Reward

Reward functions are components in RLHF training used to evaluate the quality of model outputs. They calculate reward scores based on model-generated trajectories to guide policy learning.

Basic Interface

class Reward:

    def __call__(self, trajectories: List[Trajectory], ground_truths: List[Trajectory]):
        """
        Calculate reward values

        Args:
            trajectories: List of model-generated trajectories
            ground_truths: List of ground truth trajectories

        Returns:
            List of reward values
        """
        ...

MathReward

The math reward function evaluates the correctness of answers to mathematical problems.

from twinkle.reward import MathReward

reward_fn = MathReward()
rewards = reward_fn(generated_trajectories, ground_truth_trajectories)
# rewards: List[float], 1.0 for correct, 0.0 for incorrect

FormatReward

The format reward function checks whether the output conforms to a specified format.
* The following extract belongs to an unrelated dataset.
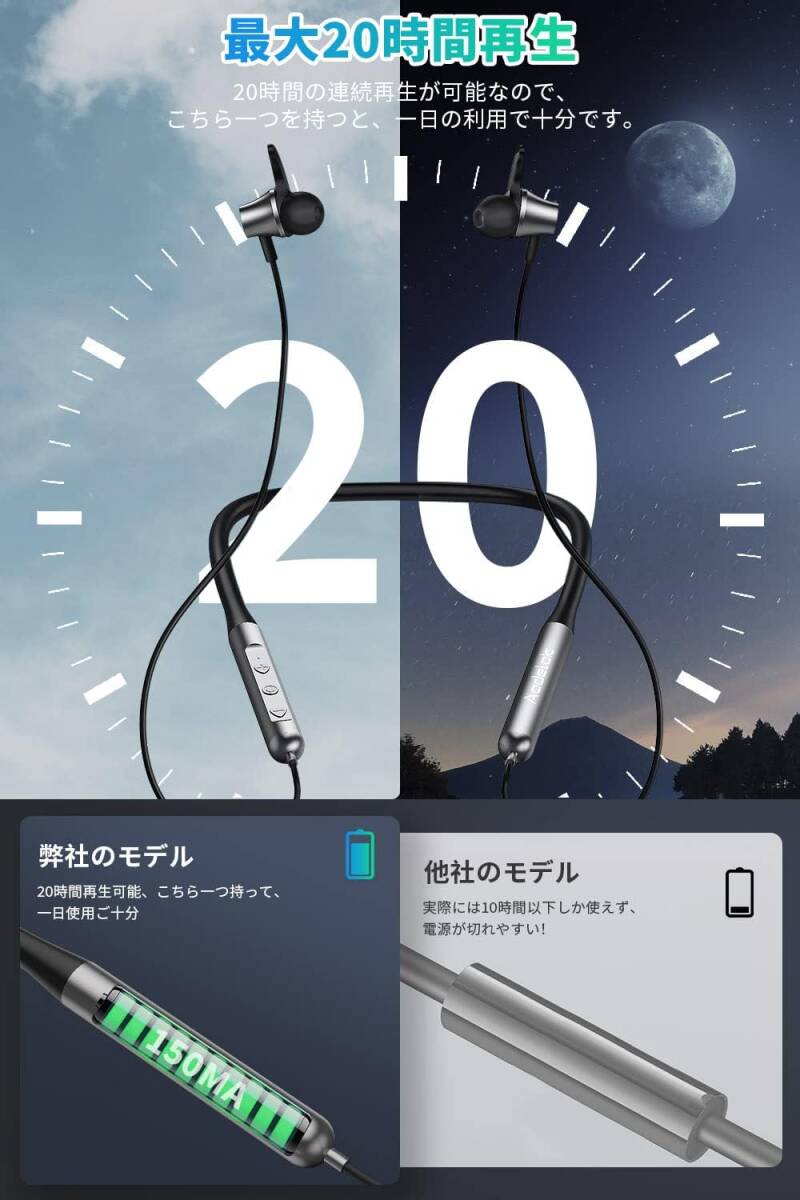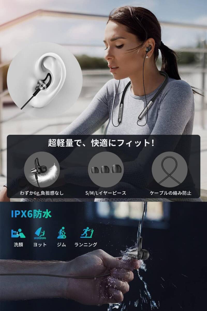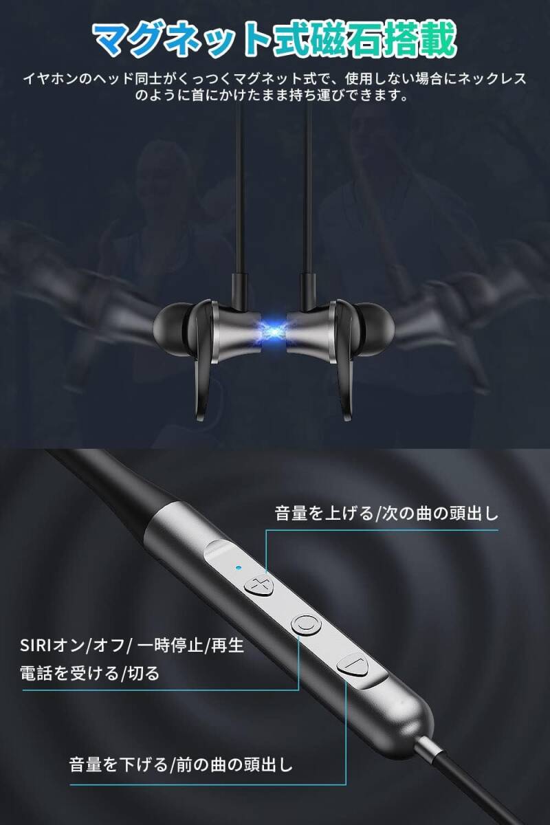 ネックバンド型イヤホン Bluetooth イヤホン スポーツ ブルートゥース イヤホン Bluetooth 5.3技術 最大20時間連続再生 Type-c急速充電 マイク付き マグネット搭載 音量調節 IPX6防水 自動ペアリング テレワーク/ランニング/ゲーム PC/iOS/Androidなど対応
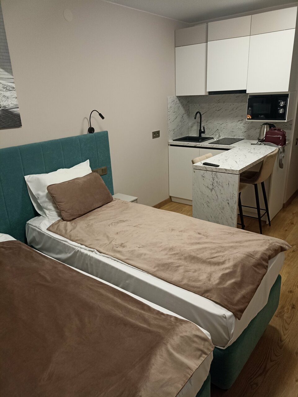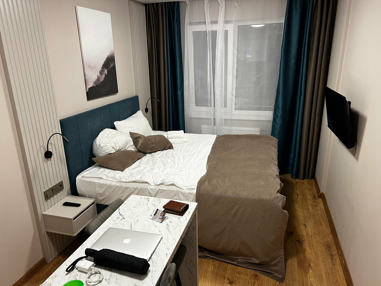 Уютное место рядом с метро. В номере нет питьевой воды и одноразовых тапочек, имейте это ввиду. Мне кажется, это уже такой стандарт, что отсутствие удивило. На утро после заселения и ночёвки прислали на телефон инфу, где в числе прочего было написано, что тапочки можно запросить у администратора. Удобно, что есть кухонька и микроволновка. Рядом с отелем есть Перекрёсток, купила там еды, разогрела и поела в номере

from twinkle.reward import FormatReward

reward_fn = FormatReward()
rewards = reward_fn(trajectories, ground_truths)

Custom Reward Functions

You can create custom rewards by inheriting from the Reward base class or using functions:

from twinkle.reward import Reward
from twinkle.data_format import Trajectory
from typing import List

class CustomReward(Reward):

    def __call__(self, trajectories: List[Trajectory], ground_truths: List[Trajectory]):
        rewards = []
        for traj, gt in zip(trajectories, ground_truths):
            # Custom evaluation logic
            score = self._evaluate(traj, gt)
            rewards.append(score)
        return rewards

    def _evaluate(self, traj, gt):
        # Implement specific evaluation logic
        ...

Or using a function:

def my_reward(trajectories, ground_truths):
    return [1.0 if t == gt else 0.0 for t, gt in zip(trajectories, ground_truths)]

# Use in training
rewards = my_reward(generated, ground_truths)

Usage Scenarios

Typical workflow of reward functions in RLHF training:

from twinkle.sampler import vLLMSampler
from twinkle.reward import MathReward
from twinkle.advantage import GRPOAdvantage

sampler = vLLMSampler(model_id='ms://Qwen/Qwen3.5-4B')
reward_fn = MathReward()
advantage_fn = GRPOAdvantage()

for batch in dataloader:
    # 1. Sample and generate multiple candidate answers
    response = sampler.sample(batch, num_samples=4)

    # 2. Evaluate quality using reward function
    rewards = reward_fn(response.trajectories, batch.ground_truths)

    # 3. Calculate advantages
    advantages = advantage_fn(rewards, num_generations=4)

    # 4. Update policy using advantage values
    ...

The design of reward functions is crucial for RLHF effectiveness. A good reward function should accurately reflect the task objectives and provide clear learning signals.